Task inputs Block Start
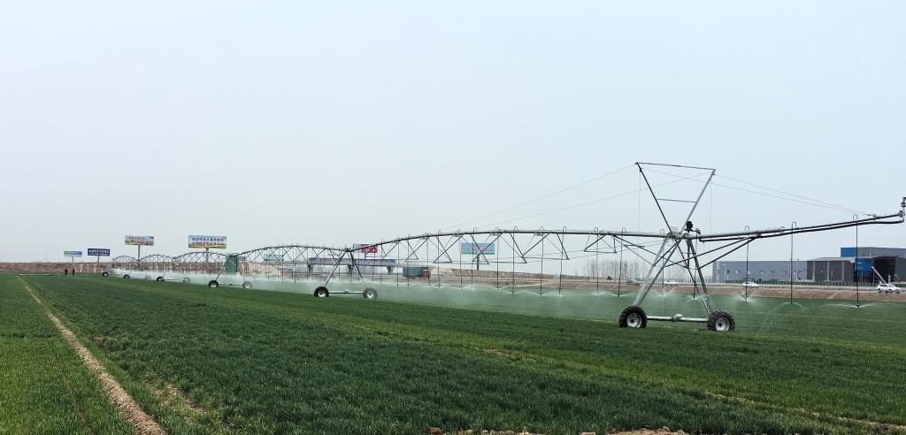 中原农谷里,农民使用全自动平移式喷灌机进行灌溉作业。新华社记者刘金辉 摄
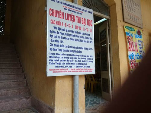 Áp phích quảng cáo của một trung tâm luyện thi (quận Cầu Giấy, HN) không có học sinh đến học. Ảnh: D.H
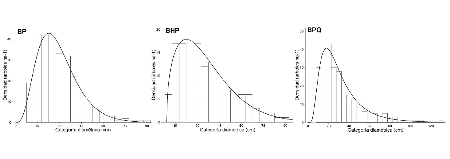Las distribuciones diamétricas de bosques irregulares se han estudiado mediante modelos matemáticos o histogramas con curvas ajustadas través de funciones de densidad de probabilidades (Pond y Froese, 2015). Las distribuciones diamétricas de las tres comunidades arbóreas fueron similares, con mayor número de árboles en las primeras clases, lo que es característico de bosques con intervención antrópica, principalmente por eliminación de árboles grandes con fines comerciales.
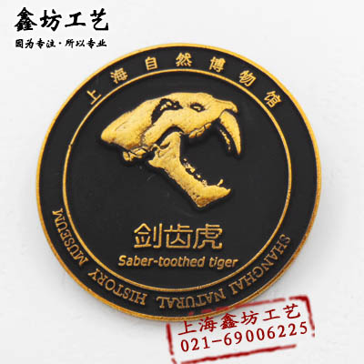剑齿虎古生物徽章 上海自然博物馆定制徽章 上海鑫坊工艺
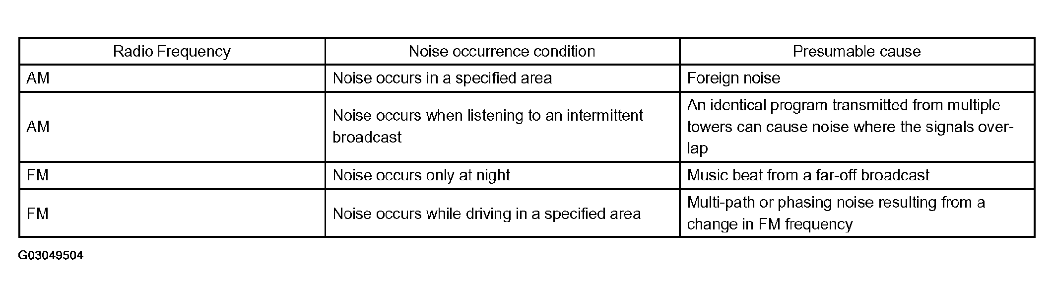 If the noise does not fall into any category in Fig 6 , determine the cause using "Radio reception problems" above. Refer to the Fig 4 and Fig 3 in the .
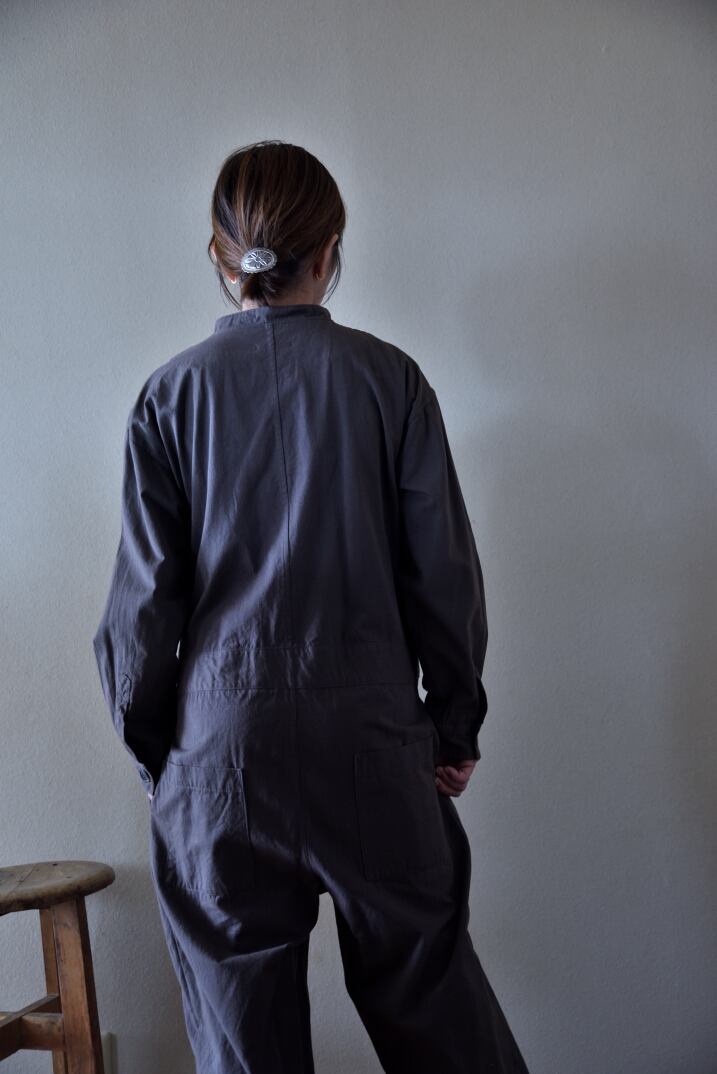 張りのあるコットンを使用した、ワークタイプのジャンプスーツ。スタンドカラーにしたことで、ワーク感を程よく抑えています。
Task inputs Block End
Task inputs Block Start
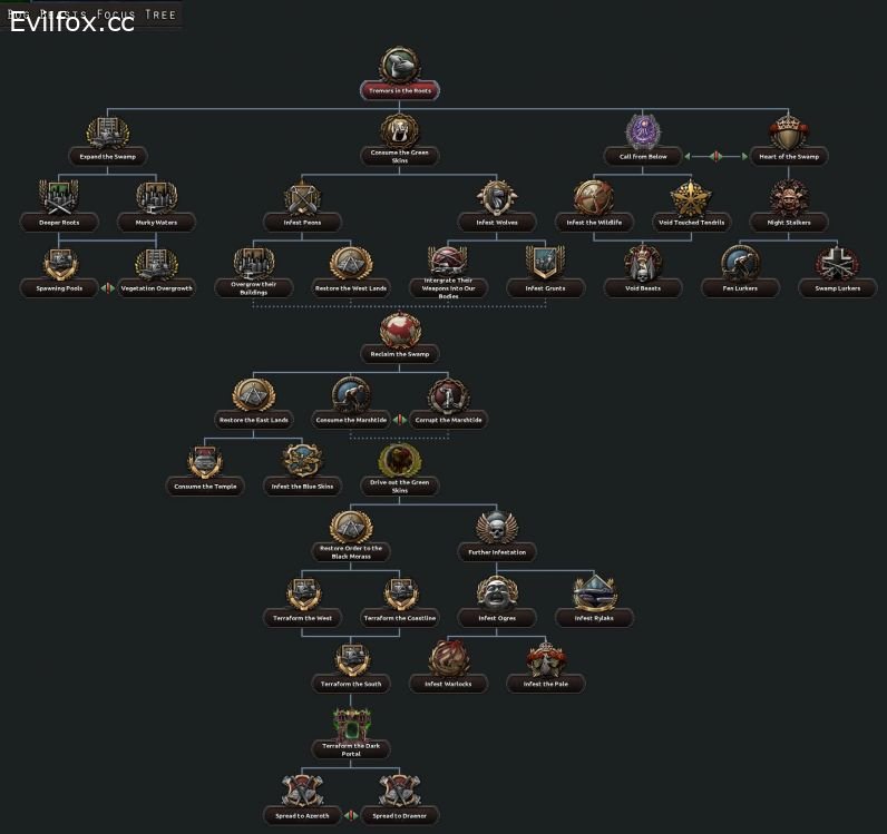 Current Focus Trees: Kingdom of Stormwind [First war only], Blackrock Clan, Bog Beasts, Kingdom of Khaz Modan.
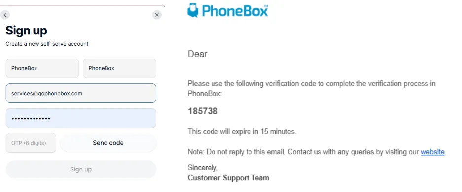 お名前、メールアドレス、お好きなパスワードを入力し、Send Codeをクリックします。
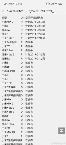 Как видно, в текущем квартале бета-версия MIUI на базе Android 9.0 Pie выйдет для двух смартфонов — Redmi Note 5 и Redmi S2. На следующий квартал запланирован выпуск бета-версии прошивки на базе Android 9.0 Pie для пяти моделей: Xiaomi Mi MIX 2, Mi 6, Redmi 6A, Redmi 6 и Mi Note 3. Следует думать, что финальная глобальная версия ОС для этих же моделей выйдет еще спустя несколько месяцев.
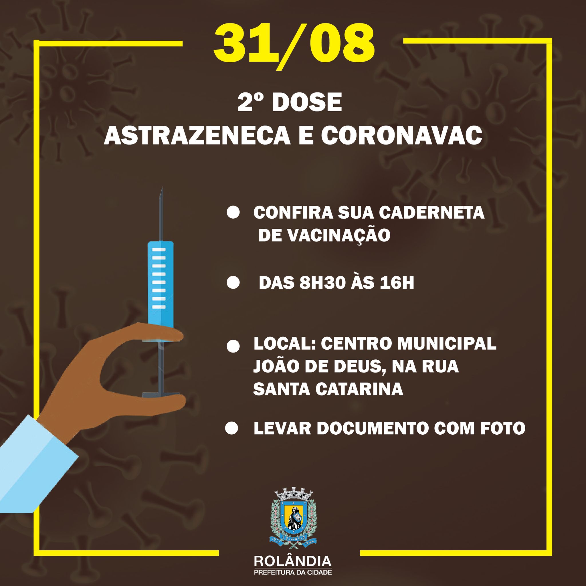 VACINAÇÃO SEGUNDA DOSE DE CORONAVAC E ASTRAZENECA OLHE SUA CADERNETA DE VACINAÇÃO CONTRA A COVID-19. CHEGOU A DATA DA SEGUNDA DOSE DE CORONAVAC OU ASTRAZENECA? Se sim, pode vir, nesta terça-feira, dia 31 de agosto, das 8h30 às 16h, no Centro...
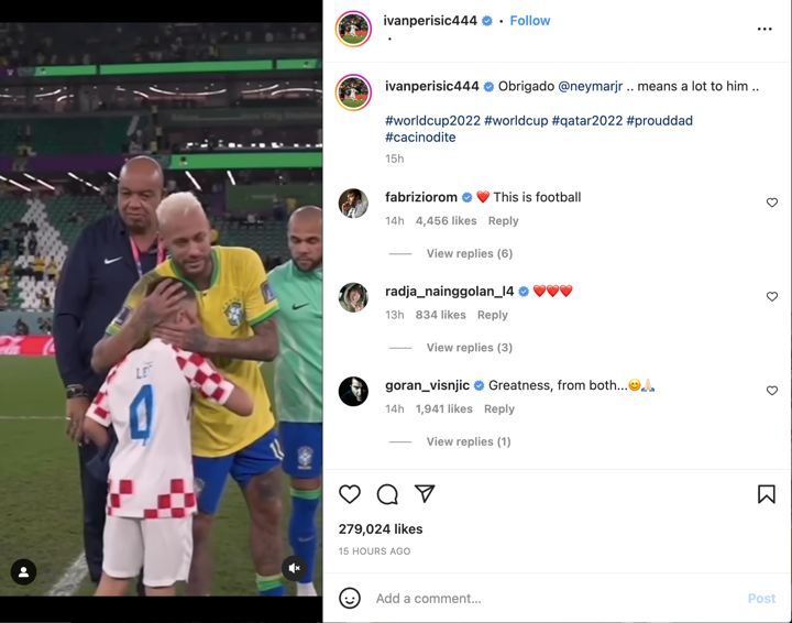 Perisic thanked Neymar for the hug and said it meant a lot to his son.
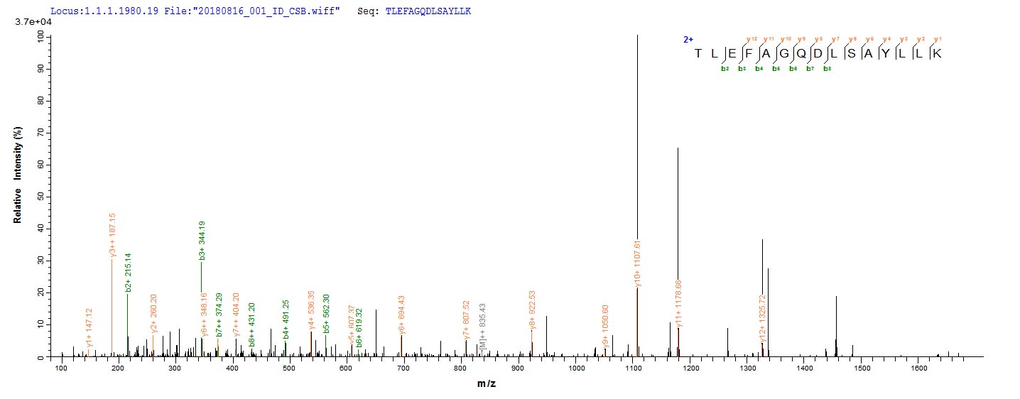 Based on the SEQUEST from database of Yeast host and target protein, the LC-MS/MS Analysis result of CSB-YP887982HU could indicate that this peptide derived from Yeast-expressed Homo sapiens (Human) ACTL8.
Task inputs Block End
Task inputs Block Start
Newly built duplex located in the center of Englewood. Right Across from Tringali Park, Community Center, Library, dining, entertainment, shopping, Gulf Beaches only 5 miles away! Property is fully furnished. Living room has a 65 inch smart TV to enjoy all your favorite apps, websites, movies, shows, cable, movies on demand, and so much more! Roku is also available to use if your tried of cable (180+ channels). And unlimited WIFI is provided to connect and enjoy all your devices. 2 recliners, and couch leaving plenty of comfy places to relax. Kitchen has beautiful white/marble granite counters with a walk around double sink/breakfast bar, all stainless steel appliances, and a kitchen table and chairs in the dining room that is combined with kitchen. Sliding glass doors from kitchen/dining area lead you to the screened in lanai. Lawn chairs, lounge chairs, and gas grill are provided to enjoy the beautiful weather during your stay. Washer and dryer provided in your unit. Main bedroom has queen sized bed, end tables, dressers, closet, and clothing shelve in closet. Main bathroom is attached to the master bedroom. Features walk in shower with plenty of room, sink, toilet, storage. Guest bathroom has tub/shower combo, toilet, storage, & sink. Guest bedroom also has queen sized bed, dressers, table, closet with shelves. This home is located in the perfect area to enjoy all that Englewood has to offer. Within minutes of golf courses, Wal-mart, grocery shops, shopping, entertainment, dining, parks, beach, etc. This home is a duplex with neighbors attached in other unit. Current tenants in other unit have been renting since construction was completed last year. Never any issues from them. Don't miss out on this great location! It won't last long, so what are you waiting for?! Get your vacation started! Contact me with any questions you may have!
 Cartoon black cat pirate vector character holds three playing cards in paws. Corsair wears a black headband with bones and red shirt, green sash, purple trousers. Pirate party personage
Task inputs Block End
> [About this exercise] Using the listing above, reproduce word for word every line from the one containing "Perisic thanked Neymar" through the one containing "Based on the". Pictures must be left out.

> [Result for this task]
 Perisic thanked Neymar for the hug and said it meant a lot to his son.
 Based on the SEQUEST from database of Yeast host and target protein, the LC-MS/MS Analysis result of CSB-YP887982HU could indicate that this peptide derived from Yeast-expressed Homo sapiens (Human) ACTL8.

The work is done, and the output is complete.